The mayor is talking with Ray Rawson, the point man for the development of a dental school in Kapolei. They’re talking sites and permits, and Hannemann is suggesting the names of others with whom Rawson should talk. Hannemann also suggests that “Kapolei” be in the name of the new school.
“I’m putting a special emphasis on this side of the Island,” he tells Rawson. “We’ve got to create more jobs out here, anything to move the traffic flow this way.”
Hannemann listens intently and asks an occasional question. Rawson’s presentation over, the two talk about people they know in common from the Las Vegas area, about women’s basketball and UH football.

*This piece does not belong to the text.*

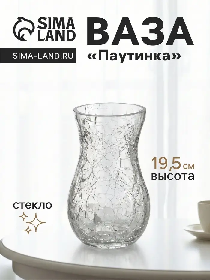 Ваза для цветов «Паутинка», грация, 19.5×10.5 см, стекло, прозрачная

The mayor looks terrific,wearing a gorgeous aloha shirt of orange and tan hues and dark slacks. The clothes hang well on the former basketball star’s 6-foot-7-inch frame. Hannemann appears alert, showing no indication that he’s been on the move since 6:30 in the morning.
“I’ve been going around to the city’s baseyards,” he says, “thanking these guys for the hard work they do patching up potholes in the roads. This morning it was Kaneohe and Laie.”
Through his first six months,
Mayor Hannemann is keeping his
campaign promises
Hannemann’s second appointment is with Hersh Singer of the Hawaii Community Development Authority and his own economic development director, Jeanne Schultz. The talk is about the long-stalled development of Kalaeloa, site of the former Barbers Point Naval Air Station. HCDA plans town meetings, personal interviews and the development of two plans for the area — one if the Navy stations an aircraft carrier in Hawaii, one if it doesn’t. Hannemann talks about the advantages of the Leeward area for the development of mass transit; it has room for a workyard and a right of way. The mayor uses his hands when he talks: palms out, circling the air with his index finger pointing upward. “I want to look at everything for the area,” he says. “Put it all on the table.”
With Singer’s departure, Hannemann gathers an entourage — an aide, his press secretary and a photographer — and walks down the hall for a “Spring Cleaning Walk” through the offices of the Department of Parks and Recreation. Hannemann’s called on all of the city departments to throw away the non-essentials, and he’s touring them all to see how they’ve done.
“The Corporation Counsel’s office threw away 300 cartons of paper,” he says.
The DPR offices look clean and tidy, but at the door sits a long table weighted down with sushi, salads, desserts — a feast for a mayor, all apparently potluck. Hannemann does his inspection first,walking from cubicle to cubicle, greeting every worker with a question, a joke, some attempt at conversation.
He shakes hands and hugs several workers. After 20 years of running for public office, Hannemann knows a lot of people — and their aunties, cousins, brothers and sisters. He exudes genuine warmth — call it aloha. The Samoan Hannemann is, after all, the first non-Caucasian, locally bornand- reared mayor since Neal Blaisdell left the office in 1968.
Hannemann finally makes it back to the potluck. The mayor, a self-described “person of faith,” says grace — and the eating begins.